One bonfire instead of many small ones
The Keren Kayemeth LeIsrael – Jewish National Fund (KKL-JNF) has come up with some suggestions to reduce injuries to people as well as the environment. It is recommended to combine family or school bonfires in order to minimize the potential for accidents and environmental damage. Moreover, the fund suggests to keep a safe distance of 500 meters or more from forested areas and remove all flammable materials from the vicinity of the bonfire. Lastly, keep fires to designated areas only.

Some cities in Israel have planned certain events on Lag BaOmer aiming to steer people away from hurting the environment. For example, the municipality of Holon is offering a communal bonfire, an escape room, lantern tours, and for those who don’t want to let go of the old traditions altogether, a fire show.

In Bnei Barak, a city in the central district of Israel known for its large ultra-orthodox community, bonfires entail massive air pollution and health consequences every year. Things have gotten so out of control within this community that in 2018 signs were distributed throughout the city pleading with the residents not to burn gasoline, tires, couches or plastic bags.

In this context, an environmental advocacy group named “Haredim L’Sviva” (ultra-orthodox Jews for the environment), in an attempt to raise ecological awareness among ultra-orthodox communities, has introduced new ideas such as lighting small oil lamps instead of massive bonfires in honor of the holiday. Although the organization has acknowledged that the bonfires are a too important tradition for many of the religious people, their efforts may help to curb some of the most damaging practices like the burning of toxic substances.  

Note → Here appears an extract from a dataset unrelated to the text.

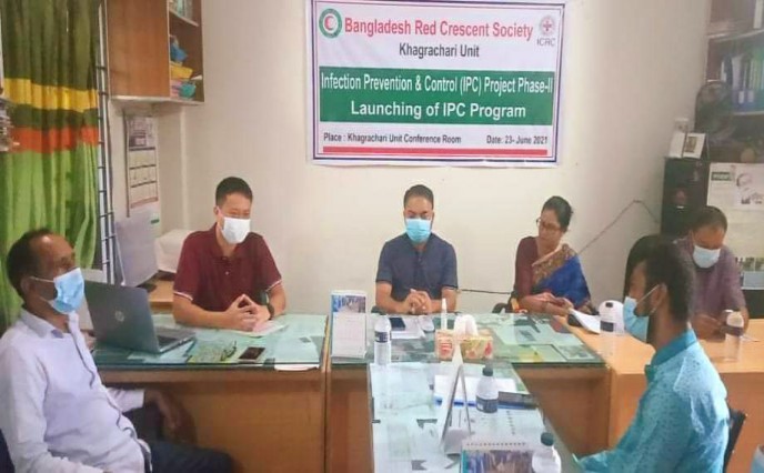 খাগড়াছড়ি জেলার ১১টি সরকারি হাসপাতাল ও স্বাস্থ্য কেন্দ্রে করোনা ভাইরাসের প্রাদুর্ভাব রোধে আন্তর্জাতিক রেড ক্রসের সহায়তায় দ্বিতীয় পর্যায়ে সংক্রমণ প্রতিরোধ ও নিয়ন্ত্রণ (আইপিসি) কার্যক্রম শুরু করছে বাংলাদেশ রেড ক্রিসেন্ট সোসাইটি।

Every year, the Ministry of Environmental Protection, as well as the Ministry of Health, publish guidelines and recommendations on how to stay safe on Lag BaOmer and ways to celebrate the holiday in a more eco-friendly fashion.

First and foremost, everyone should refrain from burning hazardous materials such as plastic, rubber or Styrofoam. Moreover, people should clear the area around the fire and build borders from stones and bricks to prevent the flames from spreading uncontrollably.

Most importantly, both ministries also suggest that people come together and celebrate Lag BaOmer in bigger groups with one bonfire, and thereby reducing potential harm to health and the environment instead of having many smaller groups lighting lots of individual fires. Like many environmental and health problems, prevention is more effective and less costly than mitigation.